* **Task to complete**: In the data below, find every line with the word "intricate" and copy it out.

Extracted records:

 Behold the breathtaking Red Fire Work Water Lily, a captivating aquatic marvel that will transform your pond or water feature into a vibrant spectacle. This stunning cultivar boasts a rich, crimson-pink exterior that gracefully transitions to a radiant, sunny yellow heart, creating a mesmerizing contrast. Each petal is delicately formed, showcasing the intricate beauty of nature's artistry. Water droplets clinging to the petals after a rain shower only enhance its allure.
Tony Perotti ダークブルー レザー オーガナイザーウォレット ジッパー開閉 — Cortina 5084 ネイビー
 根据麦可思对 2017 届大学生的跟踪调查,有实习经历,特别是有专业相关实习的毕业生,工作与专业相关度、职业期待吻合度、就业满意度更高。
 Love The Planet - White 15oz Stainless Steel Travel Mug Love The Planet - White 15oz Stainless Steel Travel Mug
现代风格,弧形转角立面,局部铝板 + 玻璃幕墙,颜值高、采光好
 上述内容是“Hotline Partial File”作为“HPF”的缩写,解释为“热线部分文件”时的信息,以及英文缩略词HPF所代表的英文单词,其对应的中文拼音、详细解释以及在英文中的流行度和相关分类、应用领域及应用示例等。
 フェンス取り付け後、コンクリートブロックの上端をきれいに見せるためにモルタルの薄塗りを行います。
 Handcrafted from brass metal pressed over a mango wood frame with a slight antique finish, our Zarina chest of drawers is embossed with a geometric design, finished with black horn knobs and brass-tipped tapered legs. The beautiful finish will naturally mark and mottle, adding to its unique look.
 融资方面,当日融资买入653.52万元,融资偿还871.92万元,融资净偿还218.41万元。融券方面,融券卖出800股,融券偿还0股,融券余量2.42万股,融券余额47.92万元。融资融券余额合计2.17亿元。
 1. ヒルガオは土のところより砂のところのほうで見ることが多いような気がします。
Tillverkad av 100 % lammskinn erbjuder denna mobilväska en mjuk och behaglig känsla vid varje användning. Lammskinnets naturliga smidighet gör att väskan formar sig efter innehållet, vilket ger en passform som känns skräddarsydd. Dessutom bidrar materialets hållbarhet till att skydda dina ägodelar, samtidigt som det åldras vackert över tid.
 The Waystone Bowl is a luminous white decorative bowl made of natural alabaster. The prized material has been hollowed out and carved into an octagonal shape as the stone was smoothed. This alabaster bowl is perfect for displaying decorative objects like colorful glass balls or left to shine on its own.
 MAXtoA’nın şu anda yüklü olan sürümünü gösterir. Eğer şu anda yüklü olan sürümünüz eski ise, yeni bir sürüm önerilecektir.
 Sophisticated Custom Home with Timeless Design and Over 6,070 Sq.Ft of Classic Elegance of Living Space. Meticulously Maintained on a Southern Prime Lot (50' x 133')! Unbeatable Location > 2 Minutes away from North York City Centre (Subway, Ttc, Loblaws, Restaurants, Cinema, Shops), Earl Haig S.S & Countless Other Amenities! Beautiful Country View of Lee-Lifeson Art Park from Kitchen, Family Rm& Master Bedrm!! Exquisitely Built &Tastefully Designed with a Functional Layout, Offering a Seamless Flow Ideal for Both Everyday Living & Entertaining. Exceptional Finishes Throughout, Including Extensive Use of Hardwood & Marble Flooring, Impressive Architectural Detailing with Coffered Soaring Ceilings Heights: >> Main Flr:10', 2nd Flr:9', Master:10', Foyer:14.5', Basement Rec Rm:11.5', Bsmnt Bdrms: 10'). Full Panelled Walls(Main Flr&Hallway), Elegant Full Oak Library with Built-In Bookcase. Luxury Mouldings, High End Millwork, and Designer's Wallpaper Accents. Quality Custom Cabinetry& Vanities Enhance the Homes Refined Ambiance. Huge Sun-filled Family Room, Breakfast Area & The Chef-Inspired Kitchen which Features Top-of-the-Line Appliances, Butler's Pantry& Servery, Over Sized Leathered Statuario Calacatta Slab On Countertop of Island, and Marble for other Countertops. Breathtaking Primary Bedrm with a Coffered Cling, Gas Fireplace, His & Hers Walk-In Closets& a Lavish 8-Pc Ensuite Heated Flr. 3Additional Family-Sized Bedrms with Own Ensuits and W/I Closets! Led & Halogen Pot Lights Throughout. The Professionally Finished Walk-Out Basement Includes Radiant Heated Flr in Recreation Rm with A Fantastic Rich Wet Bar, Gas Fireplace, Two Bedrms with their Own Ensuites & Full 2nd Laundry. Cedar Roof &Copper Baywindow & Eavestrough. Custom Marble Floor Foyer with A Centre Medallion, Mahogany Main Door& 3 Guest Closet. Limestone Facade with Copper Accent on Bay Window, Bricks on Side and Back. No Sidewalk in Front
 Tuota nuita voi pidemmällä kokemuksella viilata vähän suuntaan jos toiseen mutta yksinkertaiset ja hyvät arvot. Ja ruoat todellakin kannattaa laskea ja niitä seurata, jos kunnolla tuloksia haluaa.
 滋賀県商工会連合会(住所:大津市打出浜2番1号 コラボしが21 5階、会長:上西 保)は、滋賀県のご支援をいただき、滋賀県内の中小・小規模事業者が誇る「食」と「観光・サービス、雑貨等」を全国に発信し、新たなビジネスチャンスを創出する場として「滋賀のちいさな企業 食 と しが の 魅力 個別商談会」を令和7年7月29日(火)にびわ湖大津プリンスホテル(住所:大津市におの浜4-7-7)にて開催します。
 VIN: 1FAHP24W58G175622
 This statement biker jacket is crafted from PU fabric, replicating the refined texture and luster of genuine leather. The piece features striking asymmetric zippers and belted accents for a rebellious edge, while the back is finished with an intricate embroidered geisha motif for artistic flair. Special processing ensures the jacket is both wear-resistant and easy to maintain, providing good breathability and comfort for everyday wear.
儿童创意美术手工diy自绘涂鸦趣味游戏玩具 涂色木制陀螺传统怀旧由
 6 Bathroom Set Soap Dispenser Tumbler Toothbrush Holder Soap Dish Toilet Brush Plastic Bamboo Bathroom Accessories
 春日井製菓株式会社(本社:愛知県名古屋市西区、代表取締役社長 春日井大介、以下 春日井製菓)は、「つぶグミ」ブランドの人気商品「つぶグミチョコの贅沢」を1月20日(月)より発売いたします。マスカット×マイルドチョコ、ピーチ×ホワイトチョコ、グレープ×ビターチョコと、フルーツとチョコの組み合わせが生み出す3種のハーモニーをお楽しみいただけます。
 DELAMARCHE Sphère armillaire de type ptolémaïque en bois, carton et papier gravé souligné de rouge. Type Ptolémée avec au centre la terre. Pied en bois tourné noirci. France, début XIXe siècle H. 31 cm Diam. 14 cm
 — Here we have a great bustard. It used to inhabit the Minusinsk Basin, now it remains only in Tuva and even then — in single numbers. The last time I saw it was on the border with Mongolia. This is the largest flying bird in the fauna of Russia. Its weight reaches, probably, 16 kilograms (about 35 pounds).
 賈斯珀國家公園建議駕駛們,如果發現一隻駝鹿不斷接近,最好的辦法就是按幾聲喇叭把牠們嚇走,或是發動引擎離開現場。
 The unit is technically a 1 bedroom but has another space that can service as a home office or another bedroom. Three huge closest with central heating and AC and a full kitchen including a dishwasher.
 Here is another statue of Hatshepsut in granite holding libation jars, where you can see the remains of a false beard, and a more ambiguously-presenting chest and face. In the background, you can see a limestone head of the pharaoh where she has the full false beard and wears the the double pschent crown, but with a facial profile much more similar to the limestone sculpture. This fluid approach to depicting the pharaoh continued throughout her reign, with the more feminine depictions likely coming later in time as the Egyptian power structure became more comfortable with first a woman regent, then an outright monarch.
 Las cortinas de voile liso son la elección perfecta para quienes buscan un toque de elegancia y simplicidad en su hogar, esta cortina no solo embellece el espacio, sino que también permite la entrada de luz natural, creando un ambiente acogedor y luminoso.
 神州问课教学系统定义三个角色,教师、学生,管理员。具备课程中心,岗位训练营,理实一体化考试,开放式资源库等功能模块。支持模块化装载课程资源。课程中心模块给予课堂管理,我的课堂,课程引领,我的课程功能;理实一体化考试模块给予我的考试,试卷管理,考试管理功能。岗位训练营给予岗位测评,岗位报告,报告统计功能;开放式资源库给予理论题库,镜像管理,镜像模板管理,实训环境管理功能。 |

* **Answer to this problem**:
 Behold the breathtaking Red Fire Work Water Lily, a captivating aquatic marvel that will transform your pond or water feature into a vibrant spectacle. This stunning cultivar boasts a rich, crimson-pink exterior that gracefully transitions to a radiant, sunny yellow heart, creating a mesmerizing contrast. Each petal is delicately formed, showcasing the intricate beauty of nature's artistry. Water droplets clinging to the petals after a rain shower only enhance its allure.
 This statement biker jacket is crafted from PU fabric, replicating the refined texture and luster of genuine leather. The piece features striking asymmetric zippers and belted accents for a rebellious edge, while the back is finished with an intricate embroidered geisha motif for artistic flair. Special processing ensures the jacket is both wear-resistant and easy to maintain, providing good breathability and comfort for everyday wear.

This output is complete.